Crimsno negó con la cabeza.
—Nos eligieron.
—¿Para qué?
La respuesta no vino de él.
Vino del techo.
—Para algo más grande que la música.
El suelo bajo el escenario vibró.
Las pantallas mostraron gráficos que ahora resultaban dolorosamente familiares: compatibilidad emocional, impacto en audiencia, sincronización fisiológica. La palabra “Apego” apareció junto a sus nombres.
Mashly tomó la mano de Crimsno sin pensar.
No fue un gesto dramático.
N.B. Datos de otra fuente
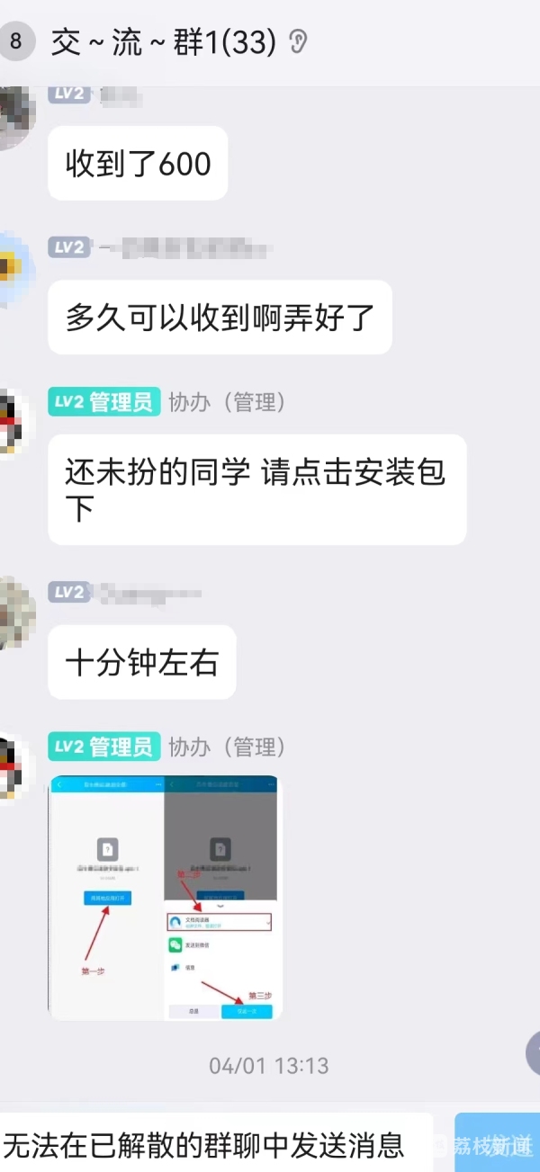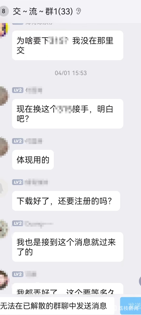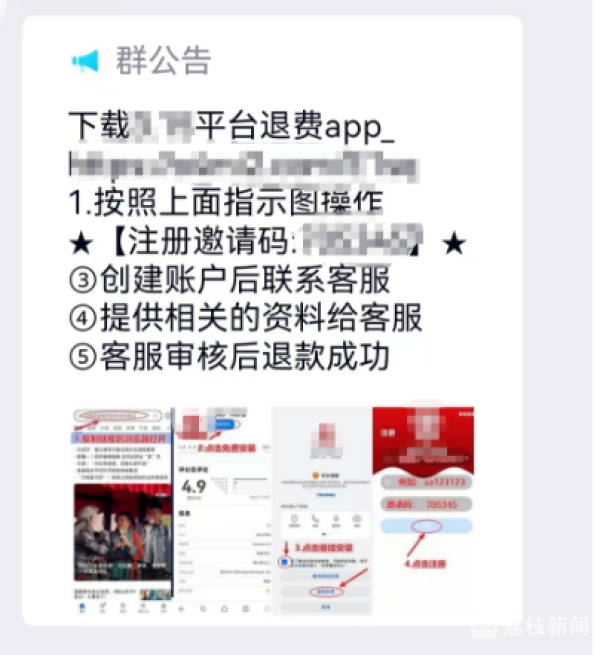 林先生前两天收到了一个快递,快递有一个“公告”称,根据“双减”政策,将全额退还已缴纳的学费。林先生没有怀疑,按照“公告”上的流程与“客服”取得联系。很快,林先生被拉入一个33人的交流群,群内“管理员”提示,为了完成退费流程,须先下载一款APP,注册成功后联系“客服”,提交材料,通过审核后便可退费。
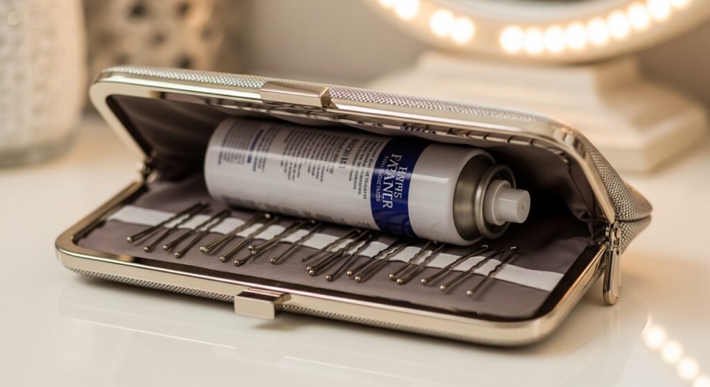 Toss a few extra bobby pins and a travel hairspray in your clutch. If you feel a section loosening after hours of dancing, find a bathroom, pin it back, and mist lightly.
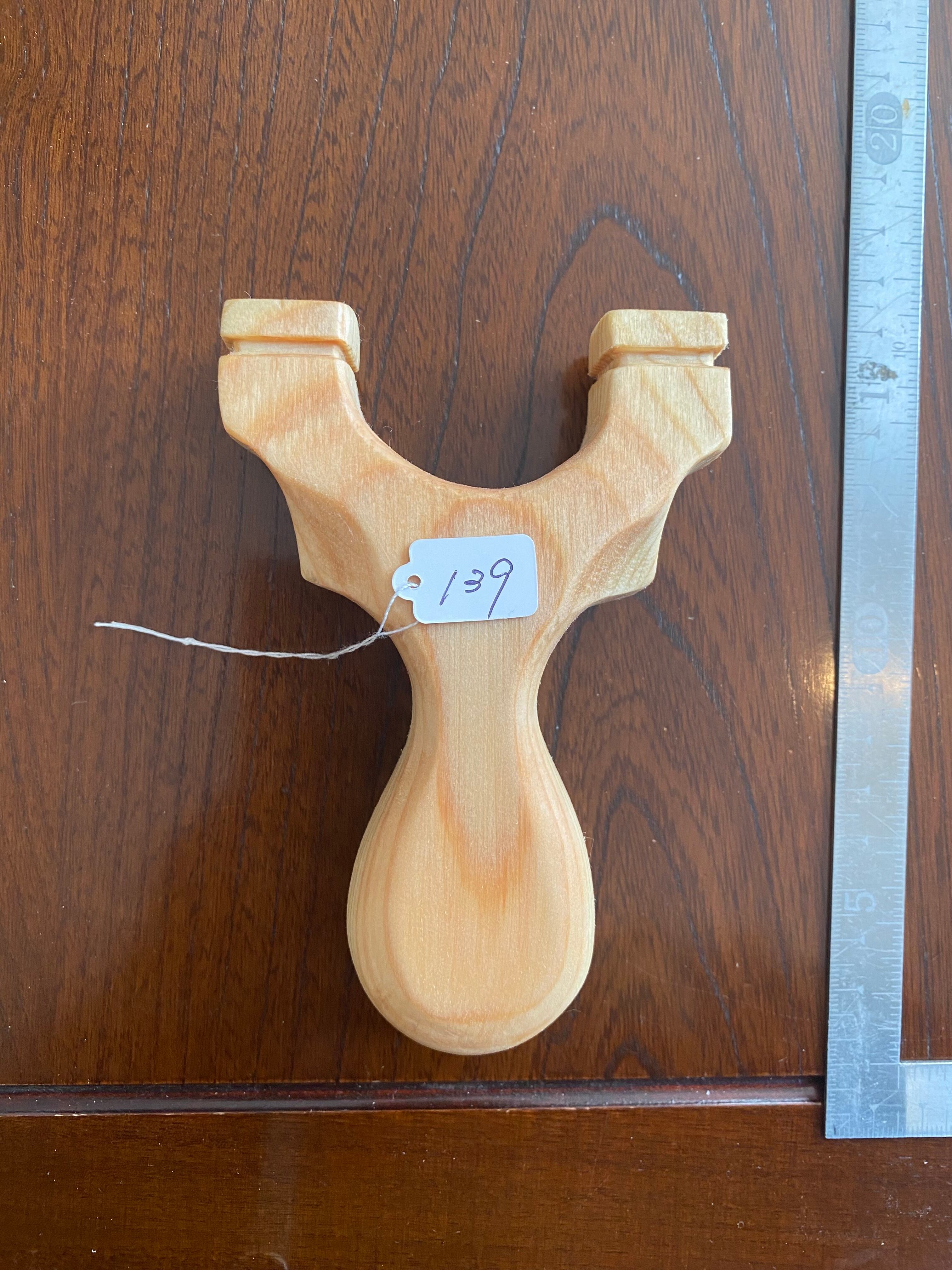 杉材で作った木目の綺麗なスリングショットです。平ゴムを取り付けやすい四角のヘッド。本体の角度を固定しやすいエラ付き。握りやすくすっぽ抜けの無い丸エンドハンドル。全体的に握りやすいアーチ構造です。

Fue instintivo.
—No voy a ir a ningún lado sin ti —dijo.
Crimsno apretó su mano con fuerza.
—No es una invitación.
Las luces se intensificaron hasta volverse blancas.
La última imagen que Mashly tuvo del teatro no fue el público ni las cámaras, sino el escenario vacío segundos después, el violín todavía apoyado en el atril, solo, bajo un foco que ya no tenía música que iluminar.Regresaron al presente con un sobresalto interno, aunque sus cuerpos en la Cámara de Evaluación permanecían inmóviles. La simulación había terminado, pero Helix no solo medía decisiones bajo presión. También inducía memorias, reactivaba conexiones neuronales asociadas al apego. El recuerdo terminó ahí.